Mitochondrial dysfunction results in decreased ATP levels in neurons. The delicate influence of ATP level on neuronal survival is best exemplified by maternally inherited Leigh syndrome (MILS), a mitochondrial DNA (mtDNA) disease, characterized by severe early childhood neurodegeneration. T8993G in MT-ATP6, encoding an ATP synthase subunit, is the most common mutation in MILS (Finsterer, 2008). A unique feature of mtDNA disease is that disease severity is correlated with the mutation load, i.e., the percentage of mutated mitochondrial DNA copies (Taylor and Turnbull, 2005). Higher than 90% ATP6 T8993G causes MILS, whereas, 70~90% causes a less severe disease called NARP syndrome with symptoms, such as neuropathy, ataxia, and retinitis pigmentosa, that gradually develop with age. In a cybrid study where patient platelets containing the T8993G mtDNA mutation were fused to human osteosarcoma cells devoid of mtDNA, ATP synthesis was found to be negatively correlated with the mutation load (Mattiazzi et al., 2004), indicating that a moderate difference in ATP level can dictate disease severity and the extent of neuronal death.
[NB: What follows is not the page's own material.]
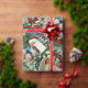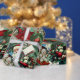 Father Christmas surrounded by greenery, with flowers, angels, children and ornaments in bright reds and greens.

mTOR inhibition by rapamycin greatly attenuates neurodegeneration caused by mitochondrial complex I defects (Johnson et al., 2013b). This study showed a dramatic therapeutic effect of rapamycin on a mouse model of Leigh syndrome, deficient in Ndufs4, a nuclearly-encoded component of complex I. The life span is significantly extended, and neuronal degeneration is greatly attenuated. The exact rescue mechanism is unclear, but autophagy or mitochondrial biogenesis was excluded. It is not known if mTORC1 inhibition by rapamycin would have similar beneficial effects on the mutations affecting other respiratory complexes (Vafai and Mootha, 2013).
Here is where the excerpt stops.